The question of who controls that price — the sitting president, the former president who shaped the regulatory and trade environment, or forces entirely outside political control — is one that has structured American political argument across multiple administrations.
What the polling data shows
The Quinnipiac finding is not an isolated data point. It arrives amid a broader pattern of public skepticism about White House management of energy costs, a skepticism that has moved across party lines when pump prices spike and receded when they fall. The 65-percent figure puts the political weight of fuel costs firmly on Trump's side of the ledger in the public mind.

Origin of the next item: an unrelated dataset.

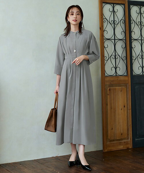 Ashgreen Black Darkgray Detail 商品詳細 ウエストタック・バンドカラーロングワンピース(CU1208) シンプルフェミニンな美シルエットワンピース ウエストシェイプでスタイルアップ♪ 知的な雰囲気漂うデザインは、1枚で2WAY楽しめるワンピースで着回し自在 ウエストは高めの位置で、タック切替えを入れ着るだけでスタイルアップ。 すっきりとしたバンドカラーに、ゴールドボタンがアクセント。 ジャケットを合わせて、きちんと感をキープ。 オフィスシーンでも着用いただける、綺麗めな生地感も魅力。 【ディティール】 ・シルエット ウエストがシェイプされた美しいフィット&フレアのシルエットが、女性らしさを演出。 すっきりとしたバンドカラーに、ゴールドボタンがきらりと光りアクセントに。 ・ウエスト 前後共に、高めの位置にタック切替えを入れることで、着るだけでスタイルアップ効果を発揮します。 ・袖 タック入りのボリュームスリーブがふんわり二の腕をカバー。 カフスには3つのゴールドボタンが並びます。 ・ボタン 第1ボタンより下は、比翼仕立てになっているので、すっきりとした印象に。 ・ポケット 両サイドに目立ちにくいシームポケット付きです。 ・生地 タックが綺麗にでるので、メリハリのある女性らしいシルエットを作るのに適した素材。 ストレッチも利いているので動きやすく、着心地良く着用して頂けます。 ・WASHABLE 手洗い可能なウォッシャブル仕様 ご家庭で洗えるウォッシャブル生地を使用しているので、クリーニングに出す手間も省け、いつでも洗い立ての着心地で清潔に保てます。洗濯機には入れず、優しく手洗いして下さい。 洗剤はおしゃれ着用の中性洗剤がおすすめです。 【カラー】 ・ダークグレー ・アッシュグリーン ◆COORDINATE ITEMはこちら ジャケット ブラック ・ブラック ◆COORDINATE ITEMはこちら パンツ グレージュ ●おすすめシーン オフィスカジュアルなど通勤ビジネスシーン、誕生日会、食事会、同窓会などのお呼ばれや、女子会、デート、婚活、街コンなど幅広いシーンに対応でき、20代・30代・40代・50代まで母親・ママさんにもご活用頂ける上品できれいめなワンピースです。 サイズ *着丈 バスト ウエスト 裄丈 S7号 122 90 74 59 M9号 123 94 78 60 L11号 124 98 82 61 LL13号 102 86 62 3L15号 110 94 63 *SNP=ショルダーネックポイント ■サイズガイド■ 素 材 ポリエステル 95% ポリウレタン 5% 商品仕様 ◆伸縮性:あり◆裏地:なし◆開き具:前開き釦 14個 ◆カラー:ダークグレー/アッシュグリーン/ブラック 備 考 ※商品を平置きにし、メジャーにて手作業による採寸をしております。若干誤差がございます。サイズ等で不明な点はお問い合わせください。 ◆レビューは商品到着後でお願いします。 ■ご利用ガイド■

That positioning matters for the electoral arithmetic ahead. Trump has maintained an active political profile since leaving office, positioning himself as the presumptive standard-bearer for a faction that seeks to recapture executive power in the next cycle. Polling that frames him as an economic liability — rather than the solution to economic anxiety — complicates that posture.

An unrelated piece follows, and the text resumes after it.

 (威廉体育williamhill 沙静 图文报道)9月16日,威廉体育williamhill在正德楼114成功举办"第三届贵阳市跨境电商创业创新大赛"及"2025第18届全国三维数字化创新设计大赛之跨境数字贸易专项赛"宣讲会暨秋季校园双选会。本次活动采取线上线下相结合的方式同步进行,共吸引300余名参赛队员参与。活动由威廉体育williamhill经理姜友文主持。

The 23 percent who do not hold him responsible reflect a durable base that continues to credit his energy-policy record, specifically his rollback of environmental regulations and his support for fossil-fuel extraction on federal lands. That base remains substantial but is now in a clear minority against a broader current of public opinion.
The inflation context
Gasoline prices in the United States rose sharply following the global supply disruptions of the early 2020s and have remained elevated relative to the pre-pandemic baseline. The persistence of those elevated prices — rather than the initial spike — has driven the political story, because voters tend to adjust to acute shocks faster than they adjust to chronic cost increases.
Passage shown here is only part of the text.